Exercise objective:
Under this line is some data; print exactly the lines from the one containing "Der Einzelkämpfer Uhlenspiegel, mit" through its last line, without pictures.

Given material:
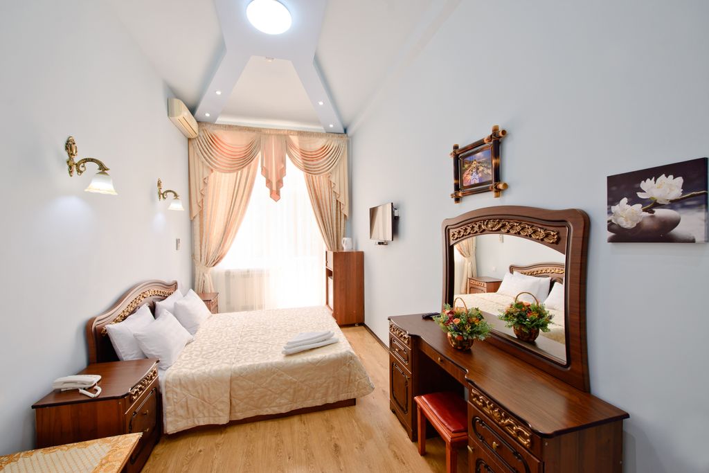 Отель категории 3 звезды расположен в центре города Сочи. Бесплатный пляж в 5-7 минутах на транспорте. С 1 июня и до 30 сентября рады Вам предложить бесплатный трансфер до пляжа по графику. Современный комфортабельный отель, который славится отличным соотношением цены и качества. К услугам гостей 2-местные, 3-местные и 4-местные номера различных категорий. В стоимость проживания входит завтрак по системе шведский стол. Так же на обед или ужин мы предложим Вам самые вкусные блюда европейской и кавказской кухни. Для комфорта гостей в отеле предусмотрен лифт. На территории отеля есть бассейн с подогревом, бильярд, сауна, мини-маркет, салон красоты и бесплатный Wi-Fi.
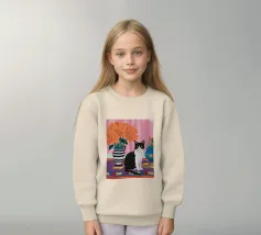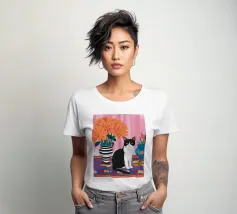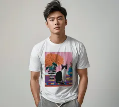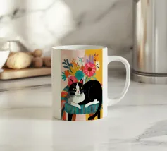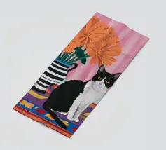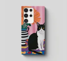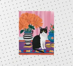 Een zwart-witte kat zit vorstelijk achter een grote vaas bloemen met gedurfde, gestreepte patronen tegen een roze gordijn, waardoor een opvallend en charmant stilleven ontstaat.
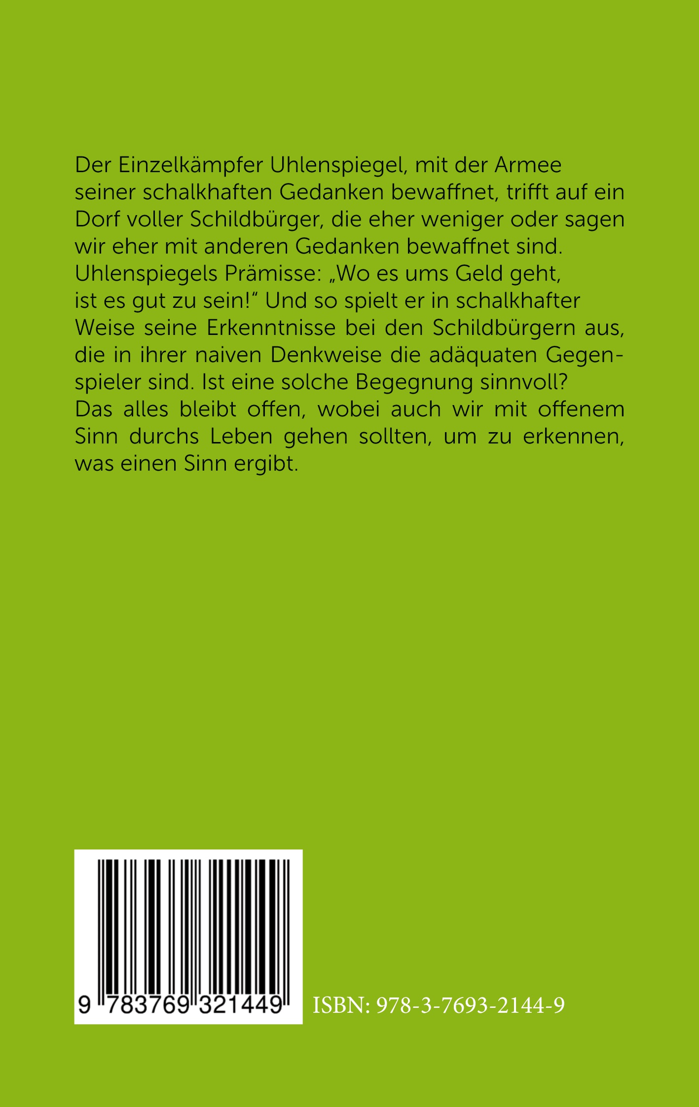 Der Einzelkämpfer Uhlenspiegel, mit der Armee seiner schalkhaften Gedanken bewaffnet, trifft auf ein Dorf voller Schildbürger, die eher weniger oder sagen wir eher mit anderen Gedanken bewaffnet sind.
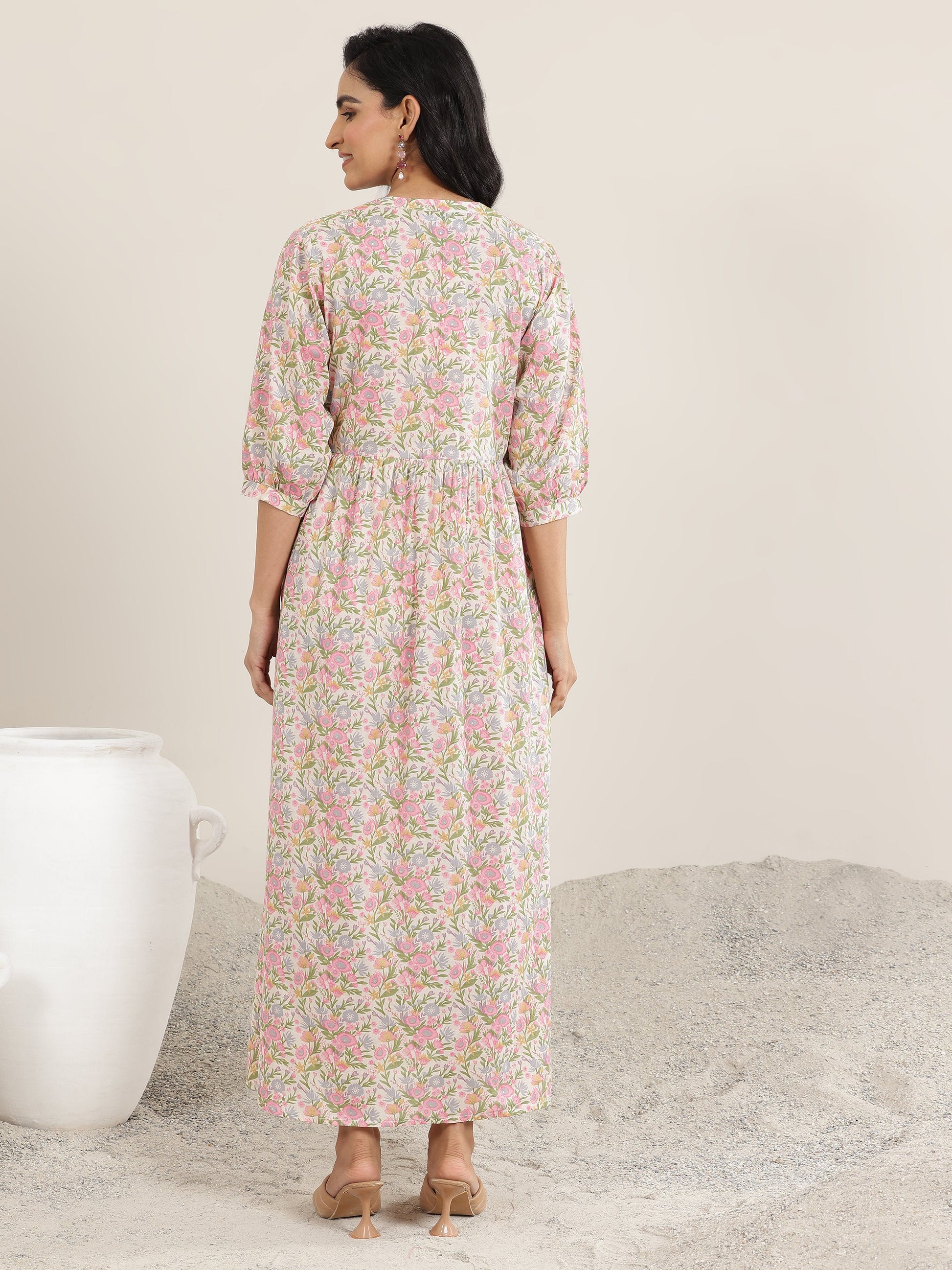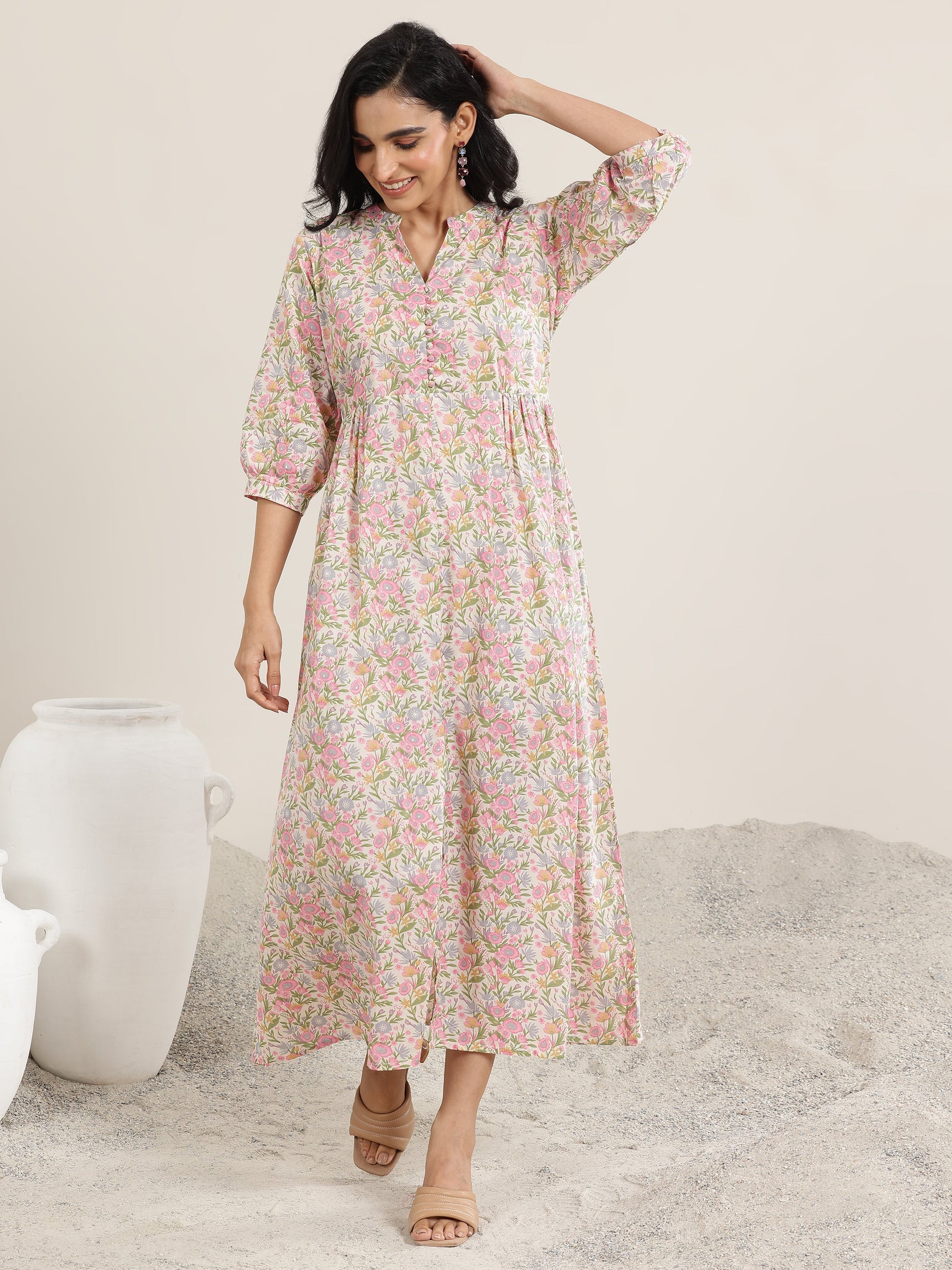 Our pink printed silk blend A-line dress features a mandarin notched neckline and three-quarter bishop sleeves. Highlighted with floral prints and handcrafted fabric button accents, this style is perfect for casual outings.

Solution for this task:
 Der Einzelkämpfer Uhlenspiegel, mit der Armee seiner schalkhaften Gedanken bewaffnet, trifft auf ein Dorf voller Schildbürger, die eher weniger oder sagen wir eher mit anderen Gedanken bewaffnet sind.
 Our pink printed silk blend A-line dress features a mandarin notched neckline and three-quarter bishop sleeves. Highlighted with floral prints and handcrafted fabric button accents, this style is perfect for casual outings.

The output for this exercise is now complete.